Reshaping campus diet culture: how the Wellness Center is tackling eating disorders on campus

Dietculture_sadief

Posters discouraging “disordered eating” were found around campus as a courtesy of the Wellness Center. The infographics focused on the fatphobia, or negative ideas about food, that follow from Thanksgiving meals. The information cited examples of negative affirmations and potentially problematic phrases that may affect one’s self image. These flyers and information given out, specifically pertaining to diet culture and fatphobia, are relatively new territory for the Wellness Center to cover. Isabella Franklin ‘23, an emotional wellbeing peer educator, is enthused to be discussing and covering these new topics, seeing as diet culture is “extremely prevalent and normalized” on college campuses.

Diet culture manifests as a belief that certain body types are deemed more societally worthy than others. The everyday jargon surrounding “health” on college campuses frequently turns to upsetting or problematic ideals.
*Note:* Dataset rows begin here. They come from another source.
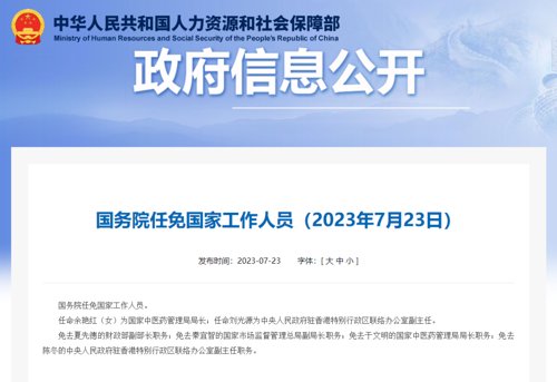 据人社部官网7月23日消息,国务院任免国家工作人员。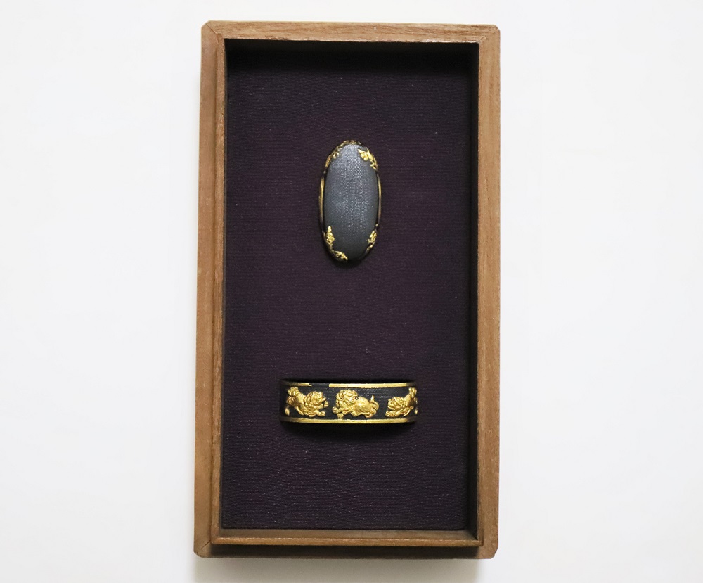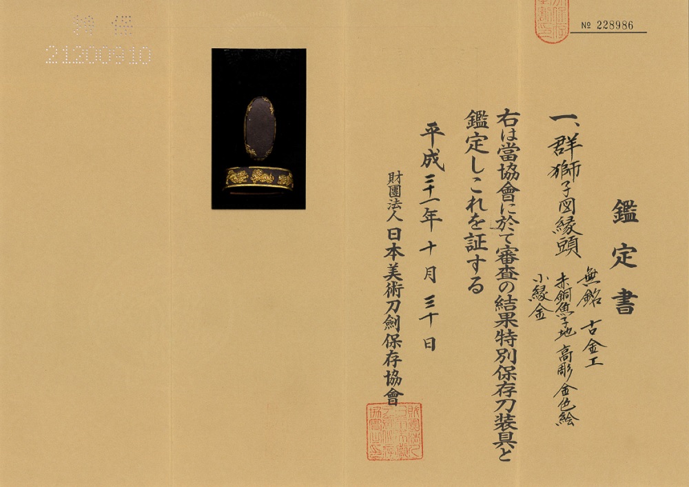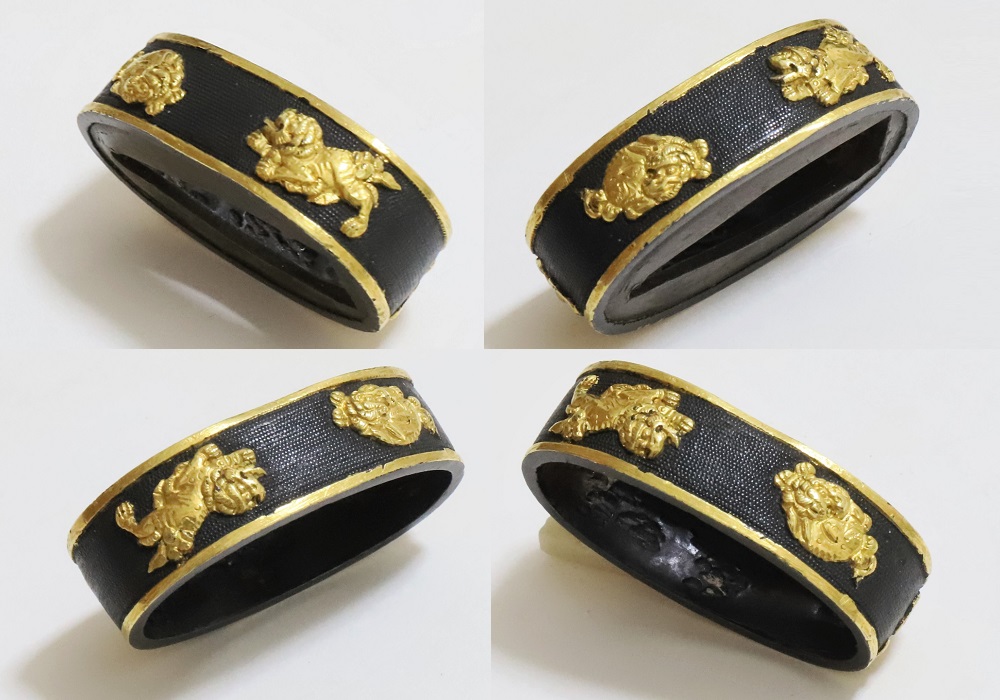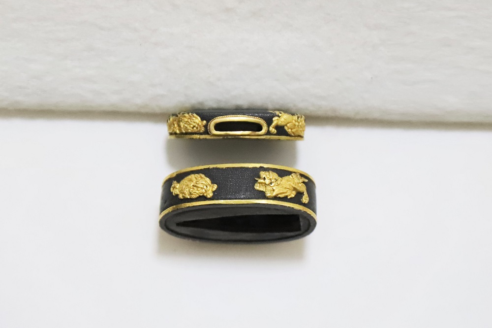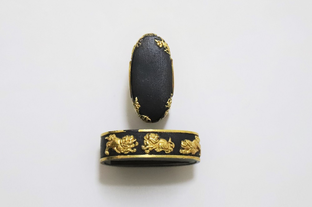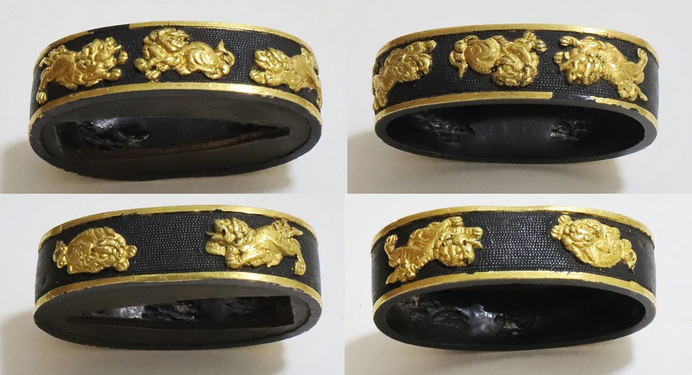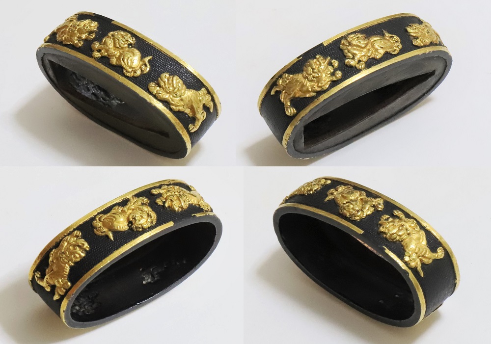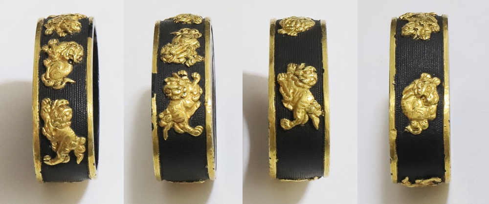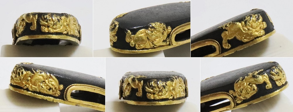本作は、裏打ち出しで獅子を彫り金色絵を施す。地は端正な縦魚子。古金工と極められた群獅子図縁頭。古金工とは桃山時代以前の金工作品のうち、後藤家や美濃彫などその特徴が特定し得ない金工作品をいう。特別保存刀装具。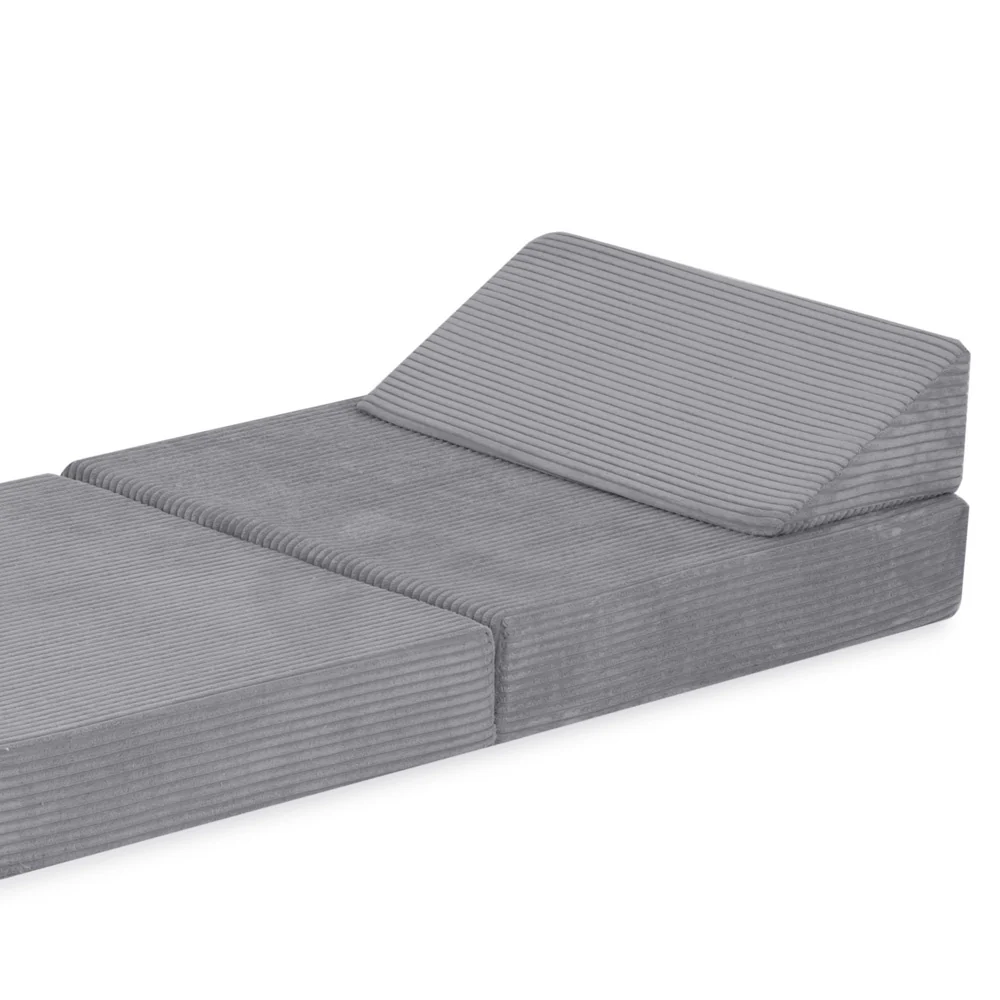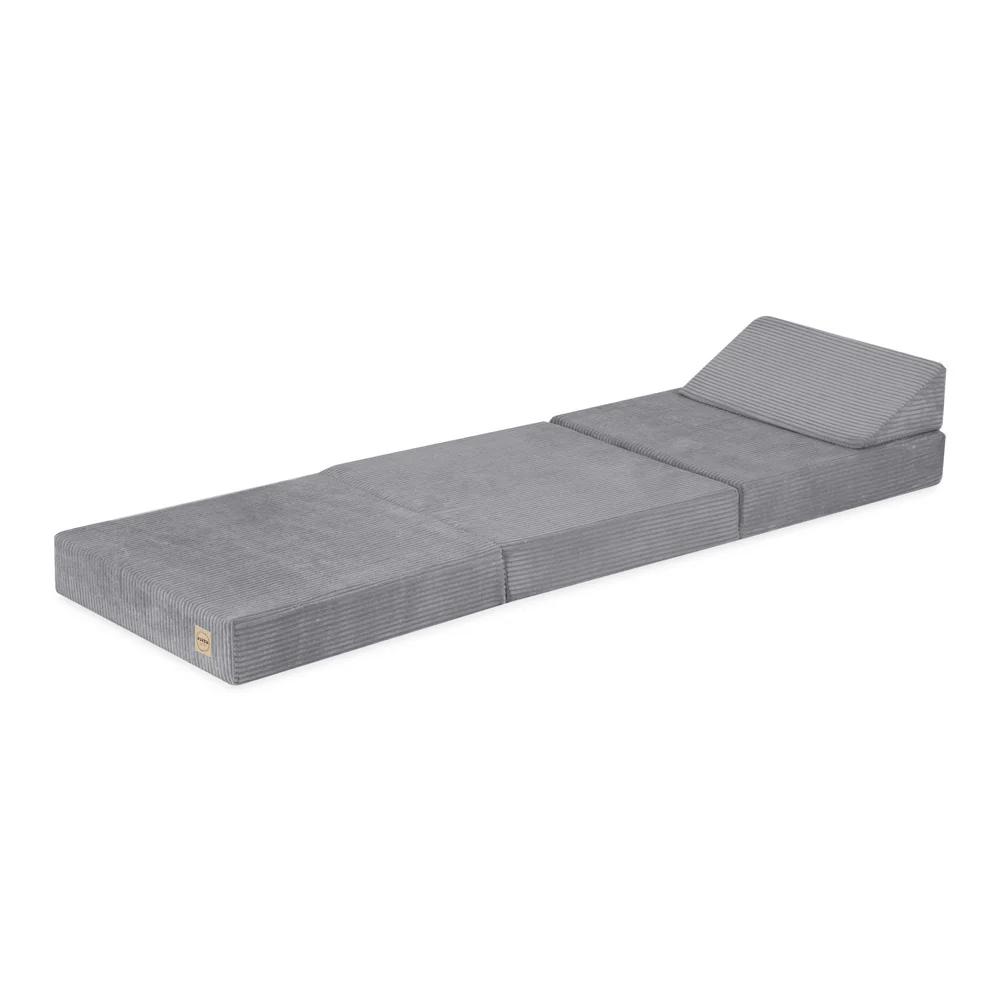 Matelas Foldie large avec appui-tête – Velours côtelé gris premium – Plush Nest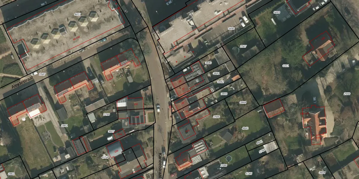 Kaneelstraat 37 is gelegen op kadastraal perceel CUI00C3441. Deze kadastrale aanduiding is uniek en wordt gebruikt door het Kadaster om eigendomsrechten en andere zakelijke rechten vast te leggen. Het perceel maakt onderdeel uit van de kadastrale gemeente Cuijk.

Diet culture has always had a hold on society, particularly on young women, but it can be seen at its height in the early 2000s. Following a plethora of media such fashion trends, models, and TV shows, many craved thinnes to the point of starvation and malnutrition. The scene seemed to be improving when fourth-wave feminism surged in the mid 2010s: modeling was becoming more size-inclusive, a body positivity movement was surging, and songs came out that encouraged self-love and beauty for all outward appearances. 

However, society’s obsession with thinness has come back in full swing. The love-affair with weight loss is due to the resurgence of Y2K fashion, and celebrities detailing their weight loss stories while promoting unrealistic body ideals. Perhaps the most predominant in spreading these ideals is Tik Tok. The app is a breeding ground for Kate Moss quotes and teenagers attempting to transform their already healthy bodies into those that they see on their explore page. Like it or not, society’s worship of the thin body has come back, if it ever left at all. 

The obsession manifests itself, at least on our campus, as the most blithe comments, the drastic calorie deficits, and the negative self-talk after simply eating. Though it may seem strange to see posters about how to go about Thanksgiving, these infographics and the Wellness Center educators prove important in rewiring the ways we think about our bodies and habits.